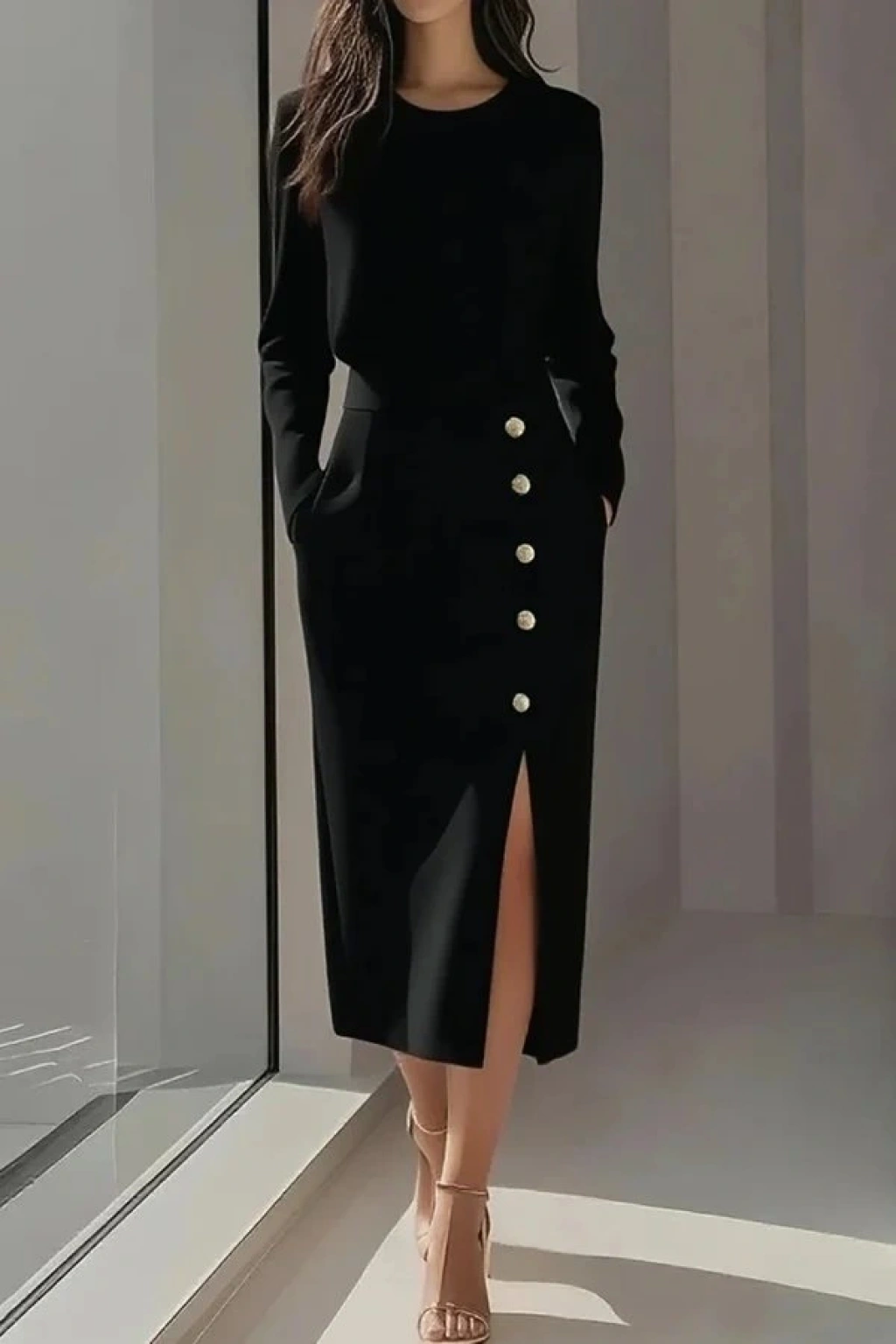 Kadın Uzun Kollu Bisiklet Yakalı Yandan Yırtmaçlı Düğmeli Midi Ithal Krep Elbise
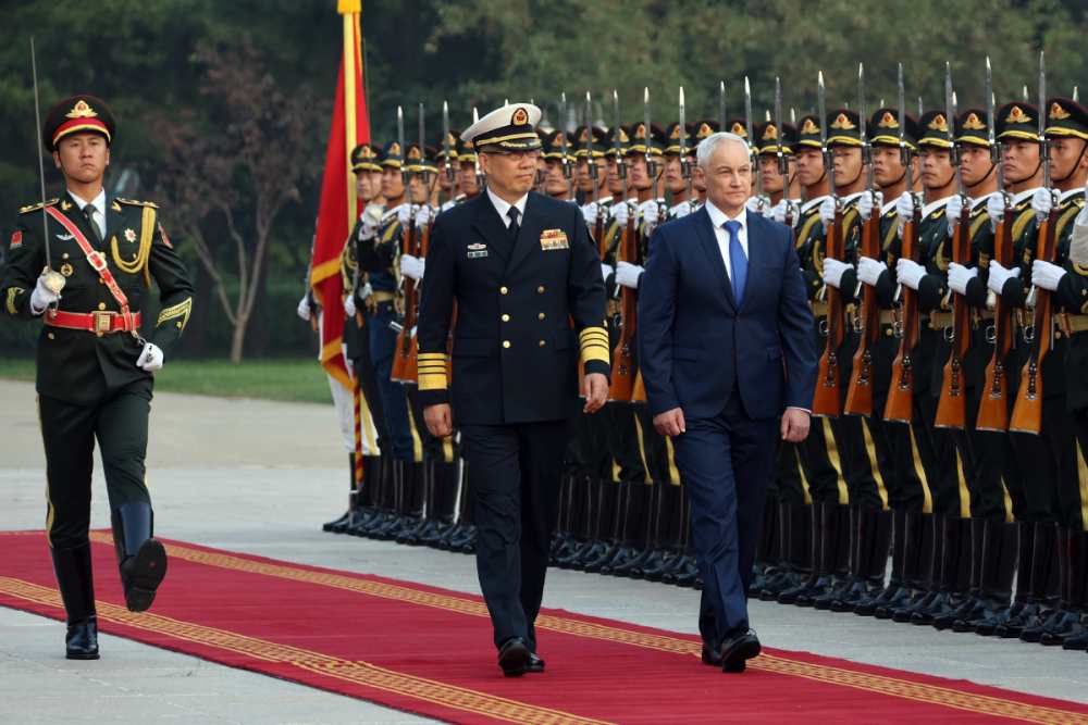 据中国国防部官网消息,2024年10月14日,中国国防部长董军为别洛乌索夫举行欢迎仪式,并陪同检阅中国人民解放军仪仗队。
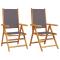 Chaises de jardin lot de 2 anthracite bois acacia massif tissuDétendez-vous et profitez de l'extérieur dans ces confortables chaises de jardin ! Robuste et stable : le bois d'acacia massif est connu pour sa solidité et sa durabilité. Ses couleurs variées et ses grains uniques lui confèrent un aspect attrayant. Sa stabilité et sa résistance aux intempéries en font un matériau idéal pour la fabrication de meubles d'intérieur et d'extérieur. Fonction d'inclinaison : le siège de jardin est spécialement conçu avec une fonction d'inclinaison afin que vous puissiez régler le dossier selon votre confort. Facile à transporter et à ranger : la chaise peut être facilement pliée lorsqu'elle n'est pas utilisée, pour un rangement et un transport faciles. Conception pratique : la main courante en bois, pratique et plate, vous permet de poser vos mains dessus tout en profitant d'un moment en plein air. Diverses utilisations : la chaise pliable a un large éventail d'utilisations et peut facilement répondre à vos besoins dans n'importe quel environnement extérieur, comme les jardins, les patios, les balcons, etc. Bon à savoir : Pour que vos meubles d'extérieur restent beaux, nous vous recommandons de les protéger avec une housse imperméable. Maximum 110 kg par siège. ,
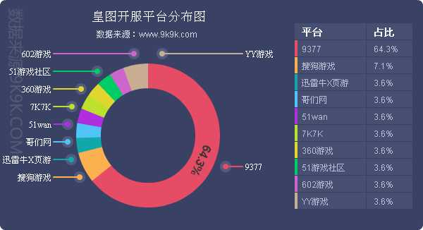 点评:《皇图》本周开服情况较上周基本未发生变化,新增分布占比平台哥们网、YY游戏开服频率均为1服/天。
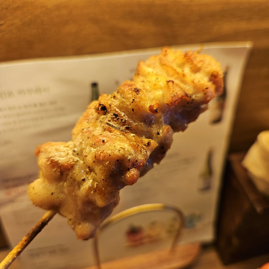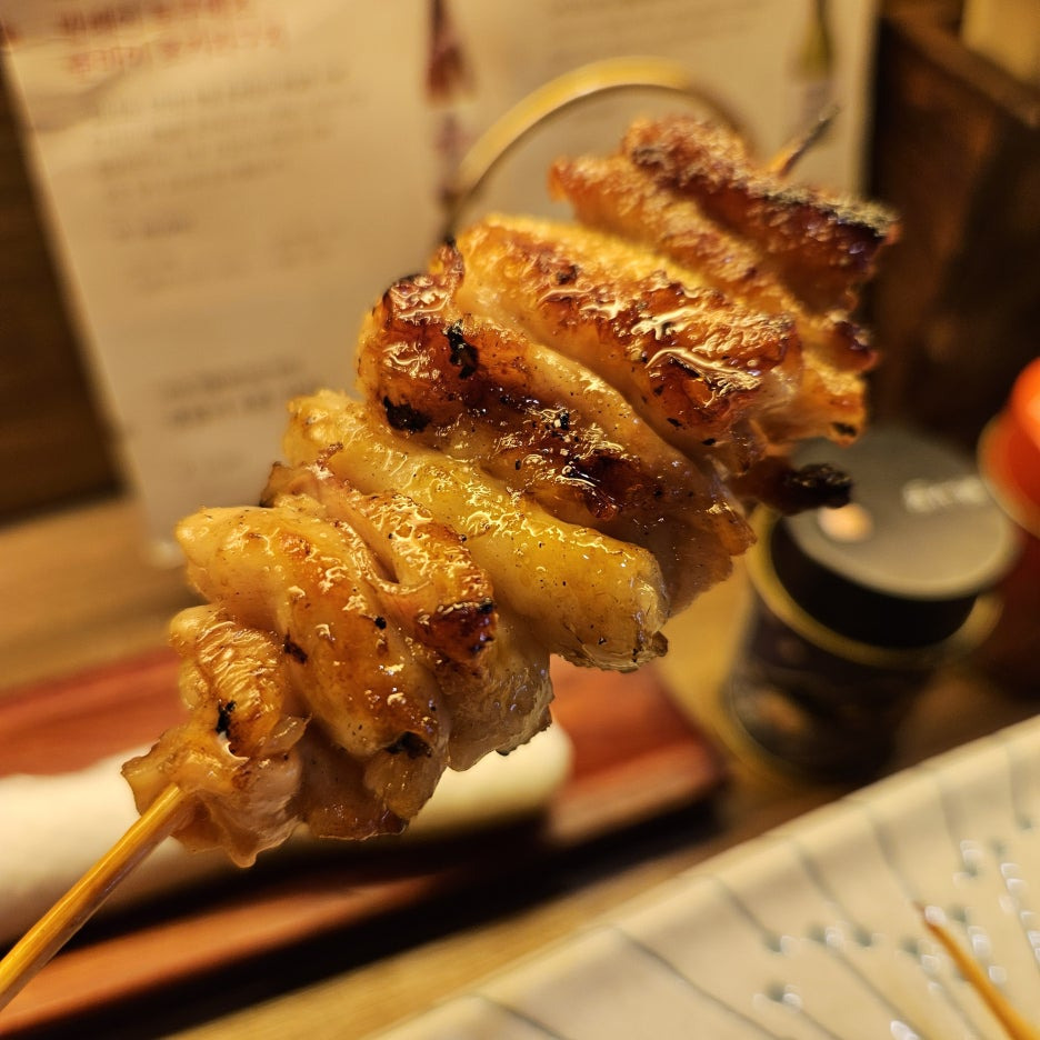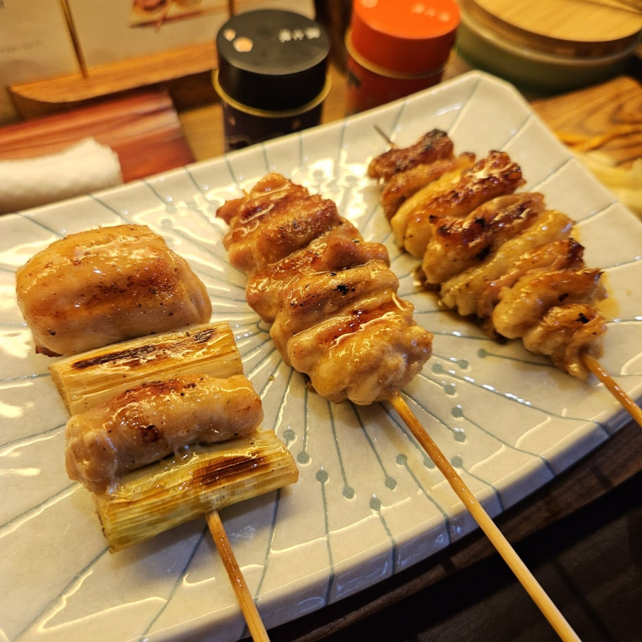 3가지의 야키토리가 각 1개씩 나온다. 츠쿠네, 새우 삼겹 말이, 닭 다리 연골.
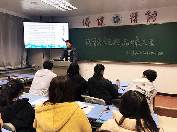 为了增强文化自信,弘扬中华民族优秀传统文化,阅读传承经典,引导学生养成“爱读书、爱分享,会读书、会分享”的良好习惯,激发广大学生的读书热情,提高其阅读能力,营造良好的读书氛围,推进班级的学风建设,至诚书院会计学1609-1612班、CPA1601班于近日组织开展了“与书香相伴,与智者同行”读书分享活动。本次活动以班级为单位,各班级围绕好书推荐、读书心得分享、经典赏析等内容展开了活动,同学们积极响应,踊跃参加。
━━━━━━━━━━
**EXERCISE GOAL**
If a line falls between the first line of the records above and the line containing "3가지의 야키토리가 각", inclusive, retype it exactly; leave pictures out.

**THE COMPLETED TASK**
 Kadın Uzun Kollu Bisiklet Yakalı Yandan Yırtmaçlı Düğmeli Midi Ithal Krep Elbise
 据中国国防部官网消息,2024年10月14日,中国国防部长董军为别洛乌索夫举行欢迎仪式,并陪同检阅中国人民解放军仪仗队。
 Chaises de jardin lot de 2 anthracite bois acacia massif tissuDétendez-vous et profitez de l'extérieur dans ces confortables chaises de jardin ! Robuste et stable : le bois d'acacia massif est connu pour sa solidité et sa durabilité. Ses couleurs variées et ses grains uniques lui confèrent un aspect attrayant. Sa stabilité et sa résistance aux intempéries en font un matériau idéal pour la fabrication de meubles d'intérieur et d'extérieur. Fonction d'inclinaison : le siège de jardin est spécialement conçu avec une fonction d'inclinaison afin que vous puissiez régler le dossier selon votre confort. Facile à transporter et à ranger : la chaise peut être facilement pliée lorsqu'elle n'est pas utilisée, pour un rangement et un transport faciles. Conception pratique : la main courante en bois, pratique et plate, vous permet de poser vos mains dessus tout en profitant d'un moment en plein air. Diverses utilisations : la chaise pliable a un large éventail d'utilisations et peut facilement répondre à vos besoins dans n'importe quel environnement extérieur, comme les jardins, les patios, les balcons, etc. Bon à savoir : Pour que vos meubles d'extérieur restent beaux, nous vous recommandons de les protéger avec une housse imperméable. Maximum 110 kg par siège. ,
 点评:《皇图》本周开服情况较上周基本未发生变化,新增分布占比平台哥们网、YY游戏开服频率均为1服/天。
 3가지의 야키토리가 각 1개씩 나온다. 츠쿠네, 새우 삼겹 말이, 닭 다리 연골.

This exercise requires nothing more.